O rio Tejo não pode ser apropriado para lucro destas empresas concessionárias em prejuízo de tantas comunidades ribeirinhas ao longo do Tejo.
Temos que unir esforços para pedir a revisão da Convenção de Albufeira com caudais verdadeiramente ecológicos, porque a água existe.
E tanto existe que, entre junho e setembro, foram atingidos os valores máximos de caudais médios diários que afluíram este ano de Espanha para Portugal, de magnitude semelhante aos verificados no meses de inverno com maiores afluências, em Dezembro e Janeiro, além de que, neste mês de setembro de 2019, foram realizadas volumosas descargas de água das barragens da Estremadura espanhola, de 239 hm3 em Alcântara, 175 hm3 em Cedillo e 43hm3 em Gabriel e Galan, ou seja, uma descarga da barragem de Cedillo que representa 6,5% dos 2.700 hm3 de caudal anual acordado na Convenção de Albufeira a ser enviado por Espanha.
Este comportamento de vazamento das barragens espanholas de Alcântara e Cedillo está a “secar” a albufeira de Cedillo e os rios Pônsul e Sever que nela confluem (ver vídeo aqui), sendo contraditório com as reduzidas disponibilidades de água verificadas no início de setembro, significativamente inferiores ao registado em 2017 e à média dos últimos 10 anos, de 47,18% em Alcântara e 75,38% em Cedillo, e com um balanço hídrico negativo em termos de precipitação, evapotranspiração e humidade do solo. 
Também não se aceita que esta “seca” da albufeira de Cedillo e dos rios Sever e Pônsul resulte de descargas com a finalidade de Espanha garantir o cumprimento da Convenção de Albufeira.
Com efeito, em maio do ano corrente o nível de armazenamento daquelas barragens era ligeiramente superior ao registado em 2017, na mesma semana, e não consta que nesse ano não tenha sido cumprida a Convenção de Albufeira.
No ano de 2017, ao invés das enormes descargas registadas este ano desde o passado mês de junho, foi realizada uma gestão mais criteriosa e regular dos caudais que permitiu chegar a novembro com níveis de armazenamento nas barragens de Alcântara e Cedillo iguais à média dos últimos 10 anos ao mesmo tempo que Espanha cumpria os regimes de caudais previstos na Convenção de Albufeira, provando assim que tal meta também seria possível de alcançar no ano corrente.
Relembramos ainda que 2018 foi um ano de muita precipitação, o que permitiu entrar no ano hidrológico que agora terminou com níveis de armazenamento ligeiramente superiores à média dos últimos 10 anos.

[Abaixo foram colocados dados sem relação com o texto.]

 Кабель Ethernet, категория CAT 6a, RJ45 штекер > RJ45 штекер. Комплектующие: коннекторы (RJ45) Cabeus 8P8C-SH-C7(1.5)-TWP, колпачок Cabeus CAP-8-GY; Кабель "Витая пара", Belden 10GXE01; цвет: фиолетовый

Na verdade, era possível cumprir a Convenção de Albufeira sem estas intensas descargas das barragens não fosse a já referida inadequada gestão que fazem das reservas de água, meramente assente em critérios de maximização do lucro da produção hidroelétrica.
E caso, antes de setembro, não estivessem asseguradas as condições para Espanha cumprir o caudal anual de 2.700 hm3, não seria mais correto fazer letra-morta da Convenção de Albufeira mediante a negociação de contrapartidas, entre as quais a futura regulamentação da gestão das barragens e a realização de ações de reabilitação de rios, que evitassem “secar” e perpetrar danos ambientais aos rios Pônsul e Sever e à albufeira de Cedillo, bem como causar prejuízos económicos às atividades turísticas e piscatórias, e perdas sociais às suas populações ribeirinhas?

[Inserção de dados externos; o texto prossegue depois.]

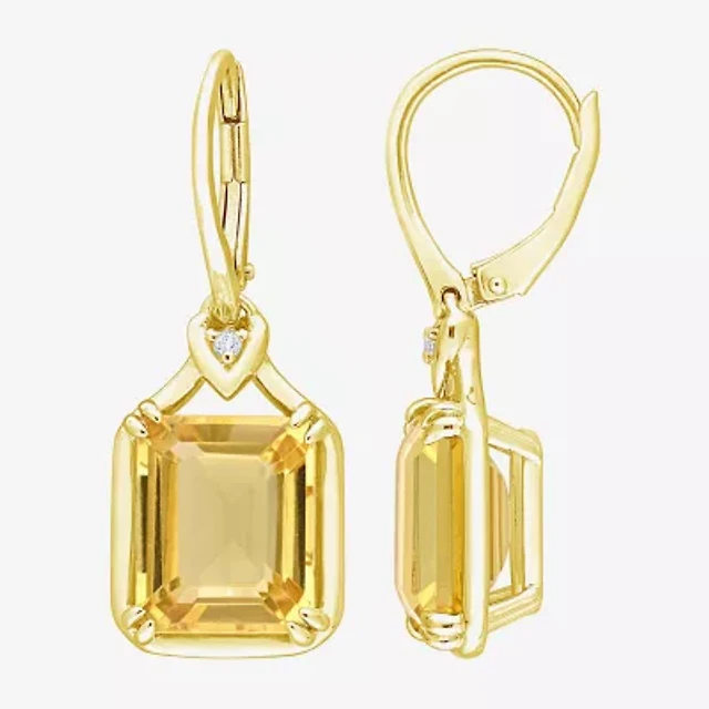 Womens Genuine Yellow Citrine 18K Gold Over Silver Drop Earrings
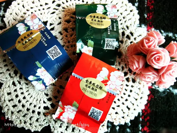 鳳梨酥共有紅、藍、綠三款顏色,口感都是一樣的,包裝精緻都非常有質感呢

A catástrofe agora criada era evitável, não está convenientemente explicada e dela não havia nenhuma necessidade!
Mais preocupante ainda é a redução do armazenamento da barragem de Cedillo até 30% da sua capacidade, quando o seu nível médio nos últimos 10 anos é de 95%, situação que pode vir a manter-se nos próximos meses se não houver precipitação suficiente para repor a cota habitual.
A aceleração do enchimento da barragem de Cedillo apenas seria possível pela transferência de água entre barragens, hipótese pouco provável, ou pelo encerramento das suas comportas, o que iria por certo afetar o armazenamento da barragem do Fratel e os caudais do rio Tejo a jusante. 
Fonte: embalses.net
Ministerio para la Transición Ecológica, AEMET, SAIH Confederaciones
Por outro lado, esta enorme quantidade de água que afluiu a Portugal e manteve caudais significativos no rio Tejo é mais uma prova que a água armazenada nas barragens da Estremadura espanhola é suficiente para fornecer verdadeiros caudais ecológicos de forma regular e estável ao longo do tempo e considerando as variações naturais e sazonais do fluxo.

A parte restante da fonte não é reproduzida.